-- PROBLEM DETAILS --
Among the lines below, the one containing "Beginning in Strategy" opens the range and the one containing "Набережная озера Кабан" closes it. Print that range exactly, without the pictures.

-- AVAILABLE RECORDS --
========================================
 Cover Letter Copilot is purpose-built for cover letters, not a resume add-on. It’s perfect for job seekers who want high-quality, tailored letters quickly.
========================================
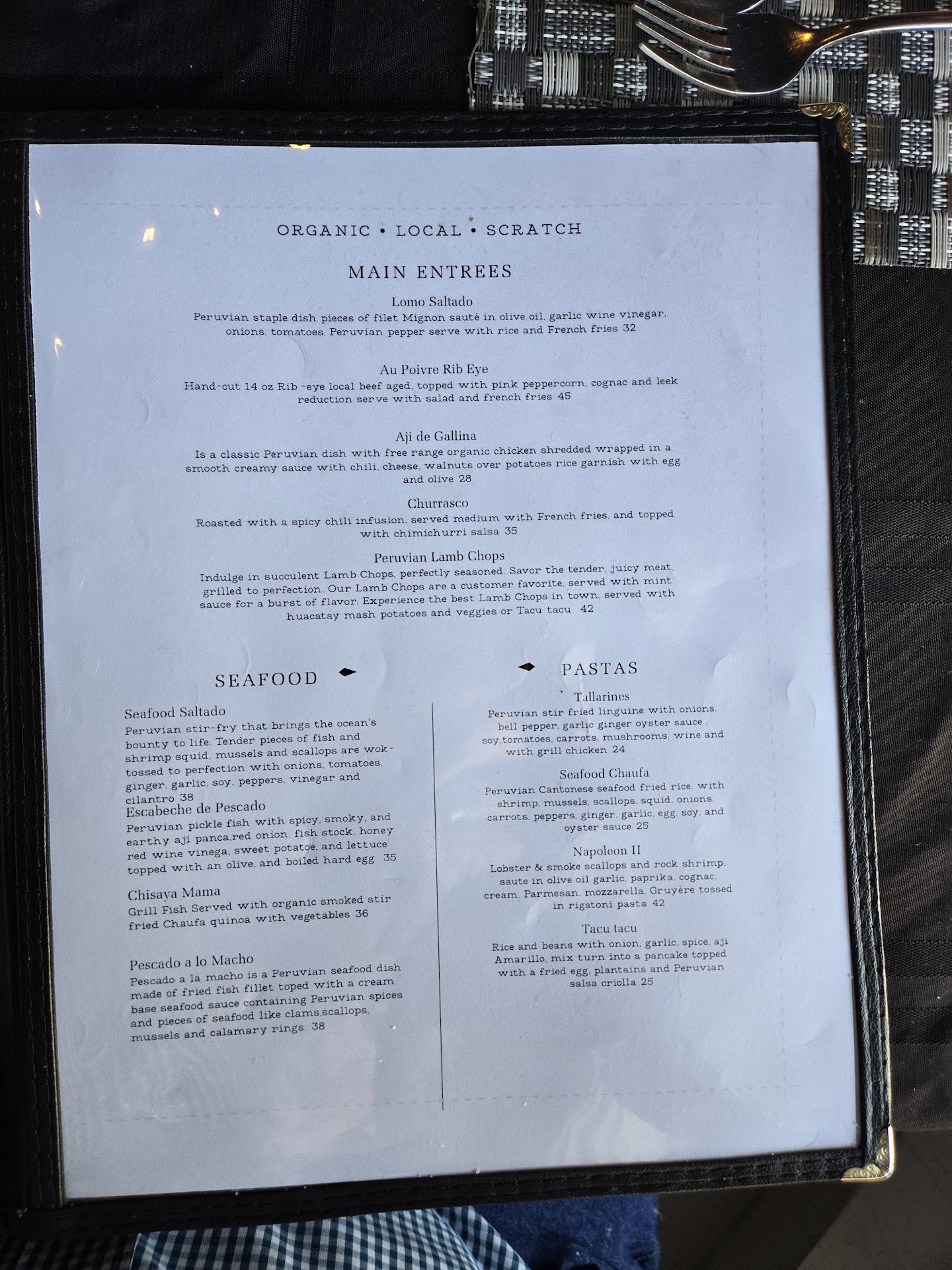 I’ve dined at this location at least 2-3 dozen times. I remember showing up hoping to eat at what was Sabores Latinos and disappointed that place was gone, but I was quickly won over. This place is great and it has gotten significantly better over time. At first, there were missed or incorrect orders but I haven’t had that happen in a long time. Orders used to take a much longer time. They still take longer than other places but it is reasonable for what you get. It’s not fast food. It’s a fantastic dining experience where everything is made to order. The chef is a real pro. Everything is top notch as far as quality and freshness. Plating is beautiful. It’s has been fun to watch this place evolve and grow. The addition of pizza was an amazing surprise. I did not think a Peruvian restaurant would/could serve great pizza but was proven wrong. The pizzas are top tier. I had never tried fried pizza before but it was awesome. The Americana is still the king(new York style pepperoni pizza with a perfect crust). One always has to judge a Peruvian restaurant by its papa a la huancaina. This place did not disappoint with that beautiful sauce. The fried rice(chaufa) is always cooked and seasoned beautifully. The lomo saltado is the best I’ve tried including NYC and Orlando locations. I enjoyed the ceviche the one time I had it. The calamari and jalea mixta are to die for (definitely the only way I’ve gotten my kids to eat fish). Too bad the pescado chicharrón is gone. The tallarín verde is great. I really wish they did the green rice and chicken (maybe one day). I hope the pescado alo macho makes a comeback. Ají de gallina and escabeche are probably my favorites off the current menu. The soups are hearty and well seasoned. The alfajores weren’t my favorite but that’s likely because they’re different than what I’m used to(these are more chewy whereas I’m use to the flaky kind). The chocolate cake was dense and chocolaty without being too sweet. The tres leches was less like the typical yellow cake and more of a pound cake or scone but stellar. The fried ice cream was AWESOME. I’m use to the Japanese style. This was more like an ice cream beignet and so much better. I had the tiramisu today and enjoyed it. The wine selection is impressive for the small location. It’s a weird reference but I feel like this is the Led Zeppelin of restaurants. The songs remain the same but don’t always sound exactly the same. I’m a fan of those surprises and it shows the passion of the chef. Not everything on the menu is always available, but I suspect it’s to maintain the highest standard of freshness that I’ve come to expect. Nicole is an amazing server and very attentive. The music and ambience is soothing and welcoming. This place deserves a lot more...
========================================
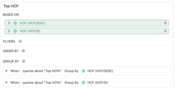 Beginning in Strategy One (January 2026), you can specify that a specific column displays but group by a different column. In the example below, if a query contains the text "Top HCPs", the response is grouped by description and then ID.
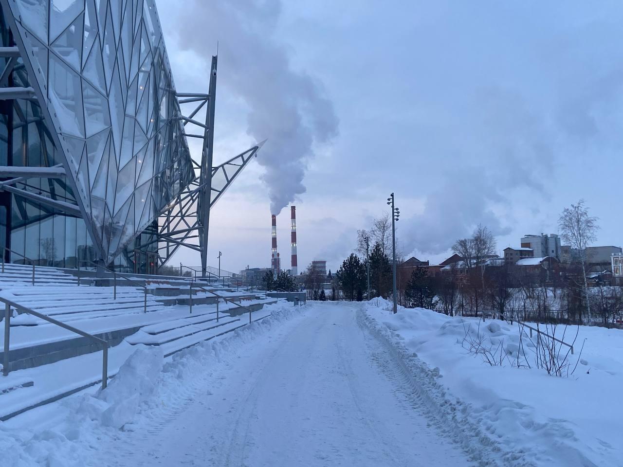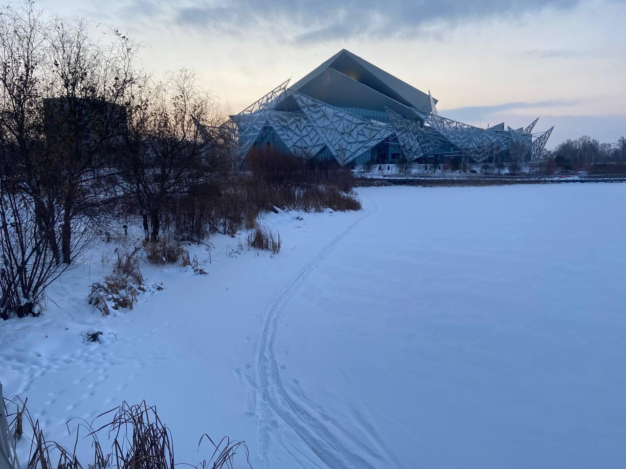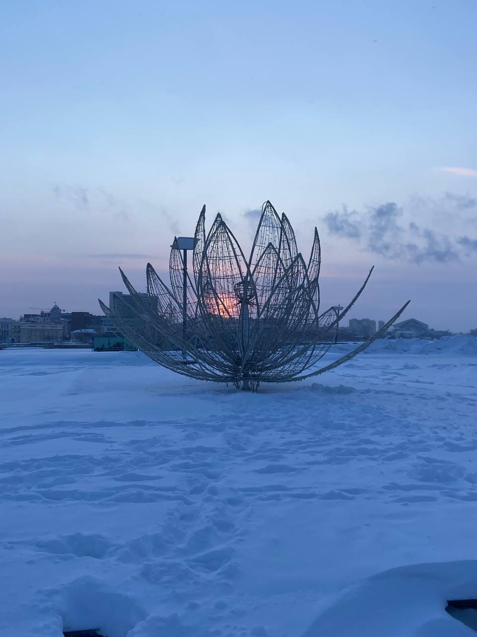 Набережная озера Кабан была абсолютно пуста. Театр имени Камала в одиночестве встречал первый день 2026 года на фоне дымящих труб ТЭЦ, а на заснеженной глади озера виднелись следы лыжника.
========================================
-- RESULT BELOW --
 Beginning in Strategy One (January 2026), you can specify that a specific column displays but group by a different column. In the example below, if a query contains the text "Top HCPs", the response is grouped by description and then ID.
 Набережная озера Кабан была абсолютно пуста. Театр имени Камала в одиночестве встречал первый день 2026 года на фоне дымящих труб ТЭЦ, а на заснеженной глади озера виднелись следы лыжника.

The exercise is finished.